The Night Santa Lost His Robe
“Yes, VIRGINIA, there is a Santa Claus. He exists as certainly as love and generosity and devotion exist …”
I don’t remember how old I was on that Christmas Eve Santa stopped by Great-Uncle Dick’s to hand-deliver my gifts. So many years have folded one into another that I’m no longer sure I even remember his coming, and I surely don’t remember what he gave me. However, I do recall my alarm when I discovered he’d left his bathrobe behind in Uncle Dick’s bedroom.
The world of my childhood was a curious place where children were as scarce as hen’s teeth, and many of the adults in my extended family were old enough to be my great-grandparents. I was my parents’ only child and my elderly grandfather’s only grandchild, and we all lived together on an out-of-the-way farm.
My grandfather’s brothers, Dick and Bert, were regular visitors in our home, but to my dismay neither of them had any children at all, much less children my age. Gran’s third and youngest brother, Uncle Murf, however, did have a boy, James, a few years older than me.
My cousin James and I were novelties to the old people. They adored us, but were wary of the world of television sets and box cake mixes that we’d been born to. We were like a strange new race being bred to colonize a distant, foreign place they would never glimpse.
And so they filled us with stories of their 19th century childhoods to carry to a future world.
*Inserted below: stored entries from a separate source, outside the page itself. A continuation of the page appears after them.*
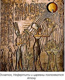 Также как и его отец, Аменхотеп IV в нарушение многовековой традиции женился не на старшей дочери царствовавшего до него фараона (египетский престол формально передавался по женской линии), а на дочери одного из вельмож – Нефертити («Красавица грядёт»). Фараон демонстративно поддержал в качестве противовеса храму Амона-Ра, жрецы которого обладали достаточно большой властью культ малоизвестного бога солнечного диска Атона, удобный для него тем, что за ним не стояли какие-либо влиятельные силы. Возведение фараоном храма Атона в Фивах привело к полному разрыву с культом Амона и его жрецами. Аменхотеп даже сменил свое тронное имя («Амон доволен») на Эхнатон («Угодный Атону»). Более того, он уничтожил имя «Аменхотеп» на отцовских памятниках (что для египтянина было актом отнюдь не символического убийства) и разрушил связанные с ним скульптуры сфинксов, сбросив их с обрыва в окрестностях Фив. Эхнатон объявил, что Атон – истинный бог, т. к. присутствует во всём, что есть во Вселенной, а остальные боги – ложные. Поклонение старым богам было запрещено, строительство храмов прекратилось, жрецы изгонялись, а их имущество конфисковывалось. К пятому году своего правления при поддержке жрецов из Гелиополя – древнего соперника Фив – он перенес царскую резиденцию в новую столицу, за планировкой, строительством и украшением которой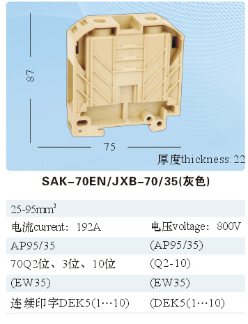 SAK-70EN/JXB-70/35(灰色)通用接線端子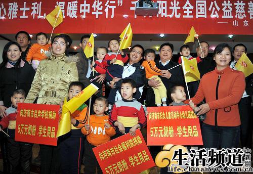 繼去年“愛灑五岳•情系江山”公益捐贈活動在章丘獲得強烈反響后,11月11日上午,國內知名奶粉企業雅士利集團再次攜手中華慈善總會走進山東,對山東地區兒童的健康和教育給予特別關愛,希望繼續將“愛心”與“溫暖”灑向齊魯大地。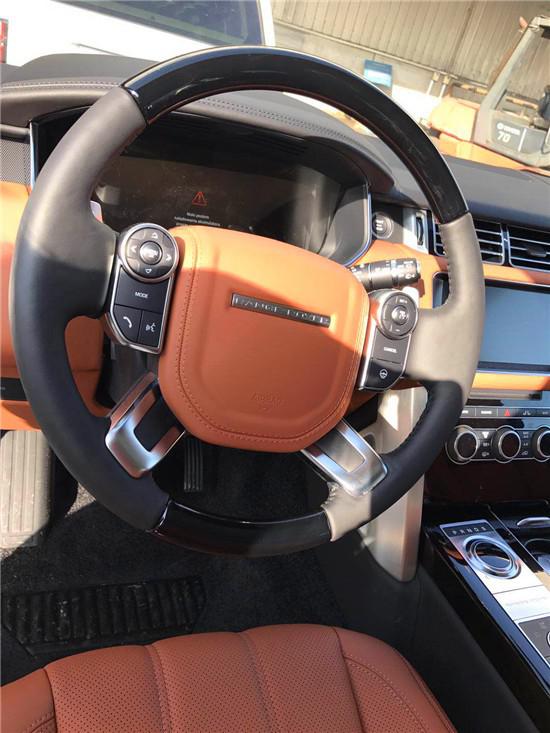 2017款路虎揽胜行政版3.0T兼顾豪华与性能,新揽胜做到了。方正规整的中控设计所制造出的氛围都是沉稳、富有安全感。方向盘也非常的现代,实木与真皮的材质,也让奢华感升温不少,上面有音响,蓝牙的控制区和自适应巡航,方向盘加热控制区,操作非常方便。内饰均采用精心设计及精湛工艺,并选用最为顶级的皮革及材质,仪表板、手套箱盖、中央通风口四周、车门内饰板和方向盘后均采用全真皮包裹,甚至驾驶者的膝部气囊的外层也同样采用了真皮装饰。

While they didn’t let us want for anything we needed, they were careful to explain to us how Spartan growing up had been for them. Oranges, for example, had been the only gifts in their Christmas stockings, and cracking open a fresh, hairy coconut and drinking its watery milk straight from the shell had been the highlight of their holiday.
In comparison, my Christmases were decadent in their abundance, they implied, though it never occurred to me to inquire why. Oranges, I presumed, must have been a great big deal in the 19th century, as wonderful as a toy kitchen with a sink that dripped real water from its faucet or the BB gun my grandfather once impulsively bought my cousin James.
Yet despite the old people’s constant re-telling of their simple Yuletides Past, they all went overboard in their own way to “make Christmas” for James and me. Uncle Bert did his magic act pulling handfuls of nickels from our ears. My grandfather would carry in carloads of brown paper sacks stuffed with loose, bulk candy and nuts in the shell, and my favorite, packs and packs of Wrigley’s chewing gum. And Uncle Dick – well, that brings me to Santa Claus.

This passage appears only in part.